◆ Work to be completed: Instruction for the entries that follow: retype exactly the lines from the line with "Decrease quantity for" to the line with "A presidente do", both included, and omit all others.

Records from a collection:
====================

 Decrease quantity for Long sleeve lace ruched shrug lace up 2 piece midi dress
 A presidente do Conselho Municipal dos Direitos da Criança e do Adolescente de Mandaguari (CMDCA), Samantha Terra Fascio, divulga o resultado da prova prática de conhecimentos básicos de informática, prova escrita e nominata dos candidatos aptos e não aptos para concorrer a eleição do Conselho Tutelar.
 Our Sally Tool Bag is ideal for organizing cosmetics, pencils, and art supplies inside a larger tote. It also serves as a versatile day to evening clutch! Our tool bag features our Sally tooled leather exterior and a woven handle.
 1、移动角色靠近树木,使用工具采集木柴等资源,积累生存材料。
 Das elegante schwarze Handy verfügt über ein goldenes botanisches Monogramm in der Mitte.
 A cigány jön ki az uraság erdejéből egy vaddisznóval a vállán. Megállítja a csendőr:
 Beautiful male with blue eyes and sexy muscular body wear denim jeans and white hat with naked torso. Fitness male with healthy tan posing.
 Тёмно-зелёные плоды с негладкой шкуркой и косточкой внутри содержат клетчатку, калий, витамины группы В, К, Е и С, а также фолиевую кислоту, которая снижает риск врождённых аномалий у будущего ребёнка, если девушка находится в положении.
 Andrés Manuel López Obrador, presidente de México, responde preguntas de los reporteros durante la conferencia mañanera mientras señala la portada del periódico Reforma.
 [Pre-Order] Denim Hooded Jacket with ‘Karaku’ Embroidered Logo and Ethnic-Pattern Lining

====================

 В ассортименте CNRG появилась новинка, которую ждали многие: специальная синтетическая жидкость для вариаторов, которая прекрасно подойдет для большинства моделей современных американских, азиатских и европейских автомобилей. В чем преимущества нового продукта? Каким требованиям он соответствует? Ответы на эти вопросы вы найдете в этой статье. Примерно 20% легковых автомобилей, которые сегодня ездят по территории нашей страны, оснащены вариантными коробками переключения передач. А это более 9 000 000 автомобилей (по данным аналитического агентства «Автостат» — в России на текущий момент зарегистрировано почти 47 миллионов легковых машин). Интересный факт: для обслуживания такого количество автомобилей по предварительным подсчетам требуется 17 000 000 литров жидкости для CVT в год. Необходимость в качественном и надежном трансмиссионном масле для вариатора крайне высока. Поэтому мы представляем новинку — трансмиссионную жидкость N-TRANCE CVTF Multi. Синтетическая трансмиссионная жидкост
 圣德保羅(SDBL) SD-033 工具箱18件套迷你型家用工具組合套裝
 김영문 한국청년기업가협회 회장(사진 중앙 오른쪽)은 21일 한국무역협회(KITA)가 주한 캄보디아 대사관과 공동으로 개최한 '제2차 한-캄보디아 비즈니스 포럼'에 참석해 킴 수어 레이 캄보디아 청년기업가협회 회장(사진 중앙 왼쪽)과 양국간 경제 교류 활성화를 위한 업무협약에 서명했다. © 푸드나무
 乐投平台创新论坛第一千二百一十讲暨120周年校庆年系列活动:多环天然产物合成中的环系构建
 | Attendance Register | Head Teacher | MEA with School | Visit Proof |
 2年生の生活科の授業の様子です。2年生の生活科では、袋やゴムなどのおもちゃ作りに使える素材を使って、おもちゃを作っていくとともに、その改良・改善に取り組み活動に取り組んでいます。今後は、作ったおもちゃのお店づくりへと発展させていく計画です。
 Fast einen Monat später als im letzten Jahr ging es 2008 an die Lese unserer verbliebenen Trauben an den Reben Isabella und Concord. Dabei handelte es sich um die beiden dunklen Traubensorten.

====================

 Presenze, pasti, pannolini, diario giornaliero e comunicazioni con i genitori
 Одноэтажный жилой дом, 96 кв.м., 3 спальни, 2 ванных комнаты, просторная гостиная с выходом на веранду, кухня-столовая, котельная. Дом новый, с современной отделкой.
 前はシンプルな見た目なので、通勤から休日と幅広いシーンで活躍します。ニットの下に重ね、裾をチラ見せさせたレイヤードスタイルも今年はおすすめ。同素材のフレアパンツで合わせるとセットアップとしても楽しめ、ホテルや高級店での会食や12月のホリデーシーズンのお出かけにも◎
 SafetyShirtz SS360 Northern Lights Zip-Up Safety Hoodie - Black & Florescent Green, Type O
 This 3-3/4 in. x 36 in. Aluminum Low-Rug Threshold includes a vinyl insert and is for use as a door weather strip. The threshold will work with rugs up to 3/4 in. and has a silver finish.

====================

◆ Answer area:
 Decrease quantity for Long sleeve lace ruched shrug lace up 2 piece midi dress
 A presidente do Conselho Municipal dos Direitos da Criança e do Adolescente de Mandaguari (CMDCA), Samantha Terra Fascio, divulga o resultado da prova prática de conhecimentos básicos de informática, prova escrita e nominata dos candidatos aptos e não aptos para concorrer a eleição do Conselho Tutelar.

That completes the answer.